American radio and television producer and executive (1909-1976)

Louis G. Cowan (December 12, 1909 – November 18, 1976) was a president of the CBS broadcasting network in the United States and a creator of quiz shows (including Quiz Kids radio program, Stop the Music, and The $64,000 Question for television), a television producer and was director of the Voice of America from 1943–1945.

==Early life==
Cowan was born Louis Cohen in 1909 in Chicago but changed his name at age 21. Cowan's parents were Orthodox Jews. His father was Jacob Cohen, a failed businessman, and his mother was Hetty Smitz Cohen. He graduated from the University of Chicago with a Doctor of Philosophy degree in history. While at the university he met his wife Pauline "Polly" Spiegel, granddaughter of Joseph Spiegel, founder of the Spiegel catalog.

==Career==
Cowan's breakthrough as a producer came in 1940 with Quiz Kids. He set up its first production company Louis G. Cowan Company, who was based in Chicago, in its first stint at game shows after being a commercial agency.

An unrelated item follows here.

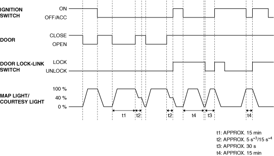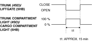 ― The ignition is switched ON (engine off or on).― After Trunk (4SD)/liftgate (5HB) is closed, and then opened again. (Trunk lid latch switch (4SD)/liftgate latch switch (5HB) off, then switch on)― Any door is opened/closed. (Any door latch switch on/off)― Door is locked/unlocked. (Door lock-link switch locked/unlocked)

During World War II he headed the New York office of the United States Office of War Information. After that he returned to commercial radio, producing first Murder at Midnight and then Fighting Senator. In 1946, he formed his own production company in New York, Louis G. Cowan, Inc. When he moved in to CBS during the success of The $64,000 Question, his eponymous production company, Louis G. Cowan, Inc., was renamed to Entertainment Productions, Inc. under the presidency of Harry Fleischman, and developed successful quiz shows like The $64,000 Question and The Big Surprise. Entertainment Productions went defunct in 1959 shortly after he left CBS.

He produced more than 50 programs during his three years with CBS, including Captain Kangaroo, and won two Peabody Awards. After he left CBS, he founded Chilmark Press, was director of the Brandeis University Communications Center, special lecturer at the Columbia University Graduate School of Journalism and founded the William E. Wiener Oral History Library for the American Jewish Committee.

==Personal life==
In 1976, Cowan died along with his wife in a house fire in New York City. The fire was believed to have been caused by “smoking carelessness”. They had four children: Paul Cowan, Geoffrey Cowan, Holly Cowan Shulman, and Liza Cowan.

==Legacy==
Cowan's papers and archives, along with the archives of Chilmark Press, are held at Columbia University.